= DATA SHOWN =

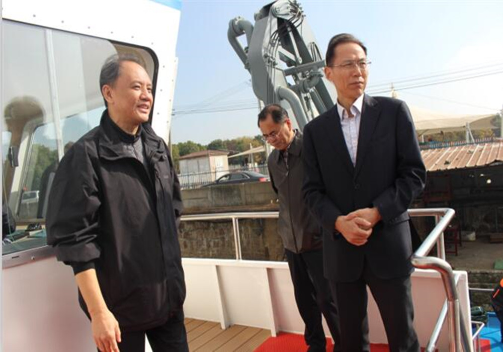 鄭廳長登上了我司研發的多功能監測控藻船,了解了新裝備的預警監測和打撈加壓控藻技術,并看了加壓破壁裝置的原理演示,鄭廳長對我司的新裝置給予了肯定,并贊揚了我司為太湖治理作出的貢獻。鄭廳長指出:在各級政府的重視和沿湖各方共同努力下,出色地完成了今年的藍藻打撈處置任務,下階段,各地繼續認真做好后續工作,并及早謀劃部署明年藍藻(水草)打撈處置相關工作。
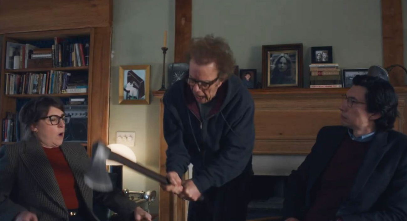 The first, Father, has siblings Emily (Mayim Bialik) and Jeff (Adam Driver) driving in a leased hybrid Range Rover to reluctantly visit their ageing father (Waits) at his run down back of beyond home, bring with them a gift box of groceries. They sip water, then tea, the conversations are strained and of few words, he declining to engage. They notice the Rolex which he says is a cheap knock off. Not having seen him since had an ‘episode’ at their mother’s funeral, concerned that his health is failing, they ask about medications and he reels off a list of drugs he’s not taking. Worried about his finances, Jeff’s been sending funds over the years and presses notes into his hand when they leave. As they drive away, the film switches back to dad, wryly upending everything you thought you knew.
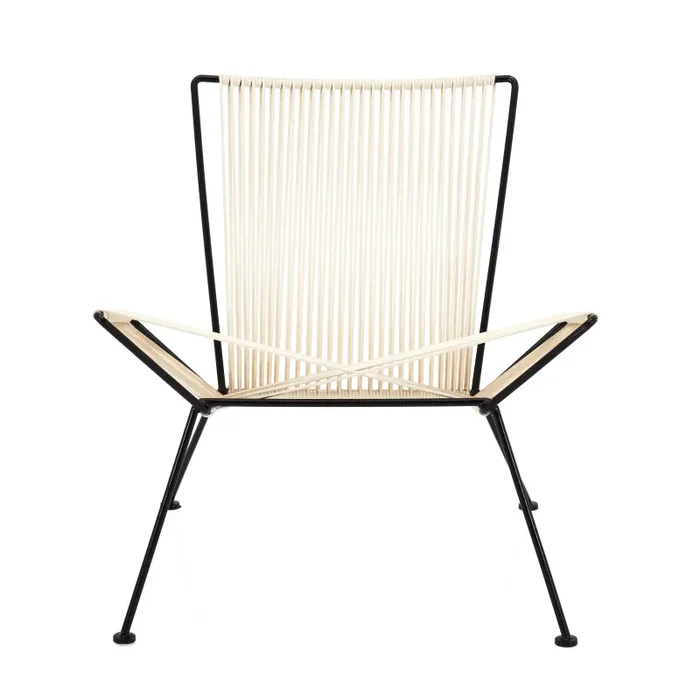 Details: Hans J. Wegner Style Lounge Chair, Black Metal Frame, White Elastic Cord, Outdoor, Rope
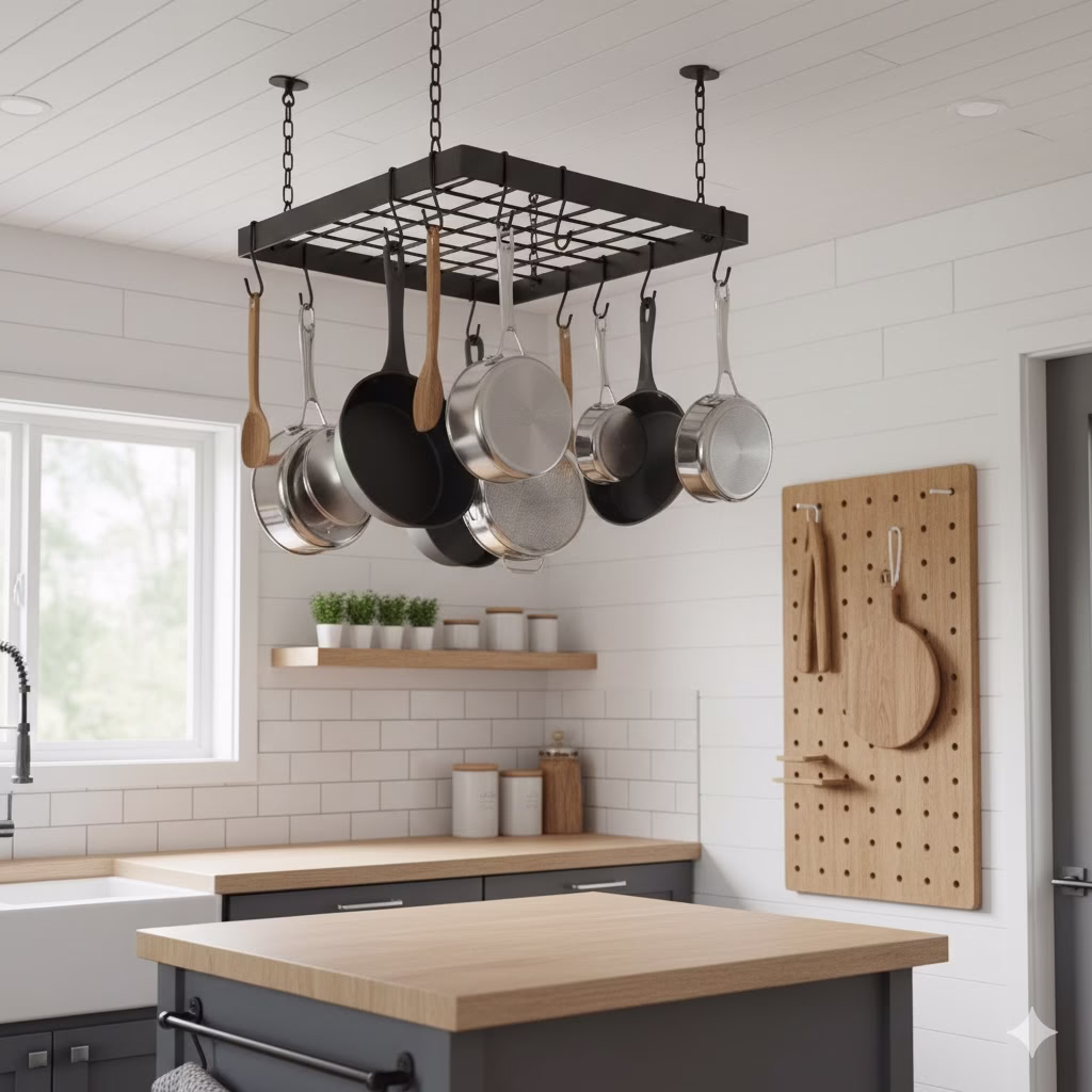 8. Pot Racks and Hanging Hooks: Vertical Order
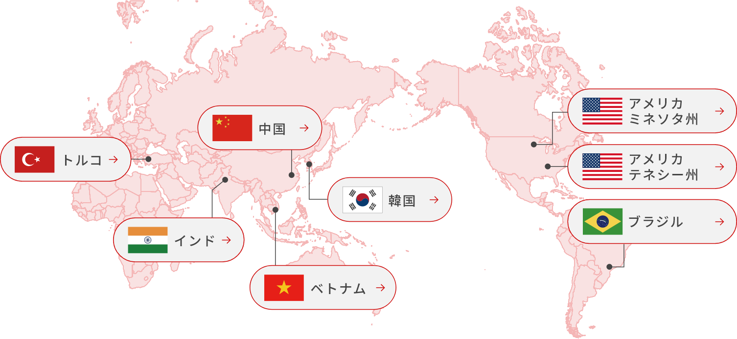 現在、アメリカ・韓国・トルコ・中国・インド・ベトナム・ブラジルの7カ国に生産拠点を設置するなど、日本はもとより全世界に高品質の製品を供給できる体制を構築。

= DIRECTIONS =
Retype the records exactly, but skip the pictures.

= OUTPUT BELOW =
 鄭廳長登上了我司研發的多功能監測控藻船,了解了新裝備的預警監測和打撈加壓控藻技術,并看了加壓破壁裝置的原理演示,鄭廳長對我司的新裝置給予了肯定,并贊揚了我司為太湖治理作出的貢獻。鄭廳長指出:在各級政府的重視和沿湖各方共同努力下,出色地完成了今年的藍藻打撈處置任務,下階段,各地繼續認真做好后續工作,并及早謀劃部署明年藍藻(水草)打撈處置相關工作。
 The first, Father, has siblings Emily (Mayim Bialik) and Jeff (Adam Driver) driving in a leased hybrid Range Rover to reluctantly visit their ageing father (Waits) at his run down back of beyond home, bring with them a gift box of groceries. They sip water, then tea, the conversations are strained and of few words, he declining to engage. They notice the Rolex which he says is a cheap knock off. Not having seen him since had an ‘episode’ at their mother’s funeral, concerned that his health is failing, they ask about medications and he reels off a list of drugs he’s not taking. Worried about his finances, Jeff’s been sending funds over the years and presses notes into his hand when they leave. As they drive away, the film switches back to dad, wryly upending everything you thought you knew.
 Details: Hans J. Wegner Style Lounge Chair, Black Metal Frame, White Elastic Cord, Outdoor, Rope
 8. Pot Racks and Hanging Hooks: Vertical Order
 現在、アメリカ・韓国・トルコ・中国・インド・ベトナム・ブラジルの7カ国に生産拠点を設置するなど、日本はもとより全世界に高品質の製品を供給できる体制を構築。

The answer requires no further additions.